Let $Z=X+Y$ where $X \sim N(\mu,\sigma^2)$ and $Y \sim N(0,1)$ are independent. What is the conditional density of X given Z, $f_{X|Z}(x|z)$?
I already found that $f_{X,Z}(x,z)=\frac{1}{2\pi\sigma}e^{-\frac{1}{2\sigma^2}[(x-\mu)^2+\sigma^2(x-z)^2]}$ and $Z \sim N(\mu,\sigma^2+1)$
$$f_{X|Z}(x|z)=\frac{f_{X,Z}(x,z)}{f_Z(z)}=\frac{\frac{1}{2\pi\sigma}e^{-\frac{1}{2\sigma^2}[(x-\mu)^2+\sigma^2(x-z)^2]}}{\frac{1}{\sqrt{2\pi}\sqrt{\sigma^2+1}}e^{-\frac{1}{2(\sigma^2+1)}(z-u)^2}}$$ $$f_{X|Z}(x|z)=\frac{\sqrt{\sigma^2+1}}{\sqrt{2\pi}\sigma}e^{-\frac{1}{2\sigma^2}[(x-\mu)^2+\sigma^2(x-z)^2]+\frac{1}{(2\sigma^2+1)}(z-\mu)^2}$$ After some simplifications I get $$f_{X|Z}(x|z)=\frac{\sqrt{\sigma^2+1}}{\sqrt{2\pi}\sigma}e^{\frac{1}{2\sigma^2(\sigma^2+1)}[-(\sigma^2+1)(x^2-2\mu x+\sigma^2(x^2-2zx)-2\sigma^2\mu z]}$$
from here I'm stuck.I can not further simplify things and not get in a know density. Is there any easier way to find the conditional?

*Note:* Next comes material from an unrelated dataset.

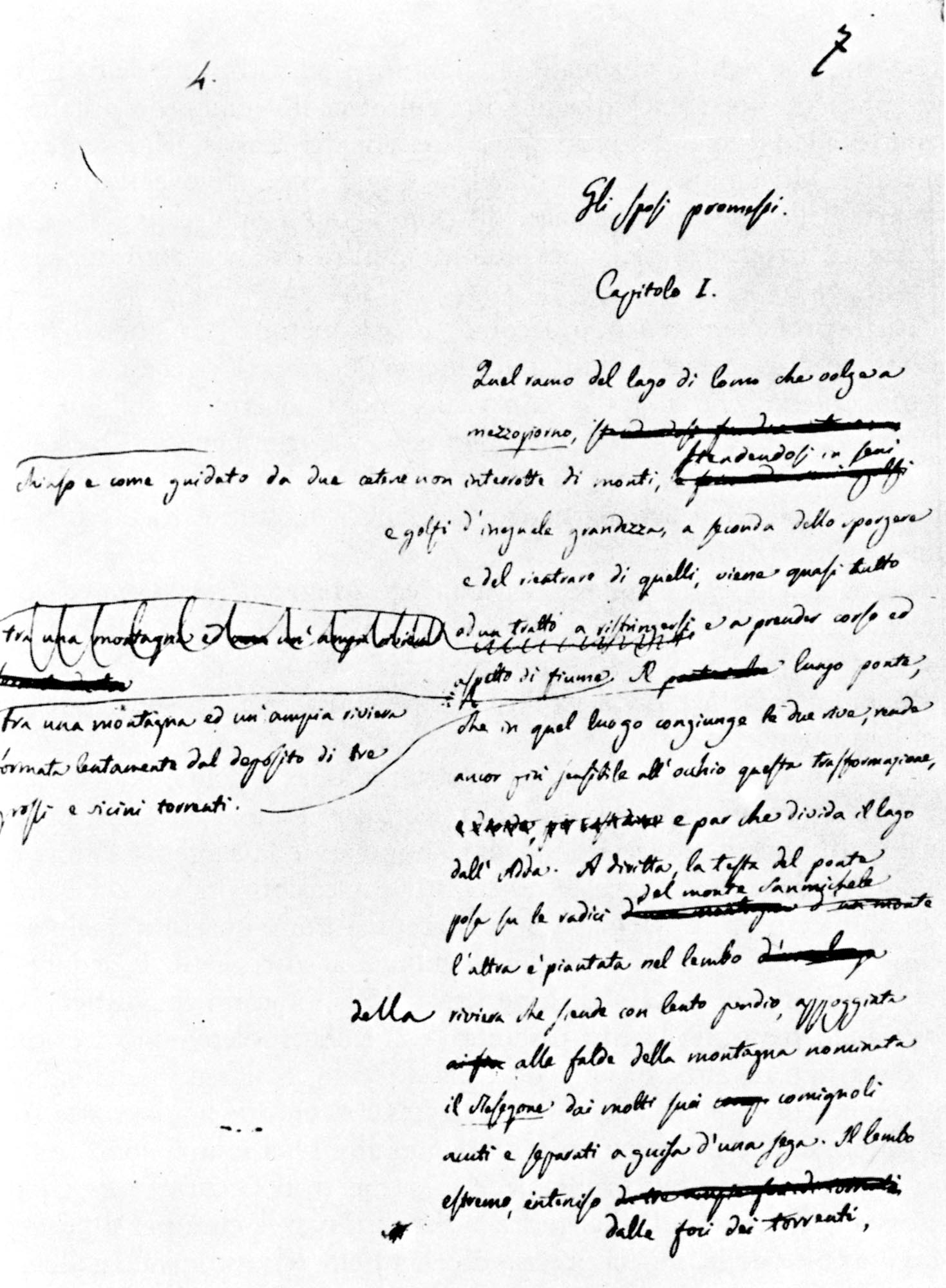 Manzoni ci ha lasciato tre stesure del suo romanzo. La prima (1821-1823), mai pubblicata dall’autore, si intitola Fermo e Lucia. Manzoni non ne fu soddisfatto, per ragioni strutturali e per ragioni linguistiche: dal punto di vista strutturale, la narrazione risultava organizzata in blocchi narrativi troppo separati fra di loro, con un’eccessiva sproporzione fra la trama principale e le digressioni (in particolare, quelle sulle vicende della monaca di Monza e dell’Innominato, due veri e propri “romanzi nel romanzo”); dal punto di vista linguistico, Manzoni è scontento di un linguaggio troppo influenzato dal francese e dal dialetto lombardo, lontano dunque dall’uso comune della lingua contemporanea. Subito dopo, grazie ai consigli di prestigiosi intellettuali che avevano letto il manoscritto, riprende a lavorarci per quattro anni. Il romanzo esce in tre tomi presso l’editore milanese Ferrario nel 1827 con il titolo definitivo I promessi sposi e ottiene un immediato successo, non solo in Italia: viene infatti tradotto nelle principali lingue europee (tedesco, inglese, francese e spagnolo), suscitando tra l’altro l’interesse di Goethe in Germania e di Edgar Allan Poe negli Stati Uniti. Nonostante il successo, Manzoni è ancora insoddisfatto della sua opera, principalmente dal punto di vista espressivo: non era riuscito a creare una lingua unificatrice per l’Italia, che si avviava sulla strada dell’unità politica. Manzoni decide allora di trasferirsi insieme alla famiglia per alcuni mesi a Firenze, per «sciacquare i panni in Arno», cioè per adeguare la lingua del romanzo all’italiano parlato (quindi più vicino alla lingua viva) dai fiorentini di cultura. Il romanzo assume dunque la forma considerata definitiva da Manzoni, e che ancora oggi leggiamo, uscendo a dispense tra 1840-1842.

$$X = Z - Y\text{ and }Y \sim N(0,1) \implies X|Z \sim N(Z,1)$$
Here I've just treated $Z$ as a constant because when you're conditioning on it being known, that's pretty much what it is.
Then you know the density $f_{X|Z}(x|z) = \frac{1}{\sqrt{2\pi}}e^{-\frac{1}{2}(x-z)^2}$.
This may not be as rigorous as you want it to be but I'm sure if you did enough manipulation of the pdf's and didn't make any mistakes, then this is what you should get.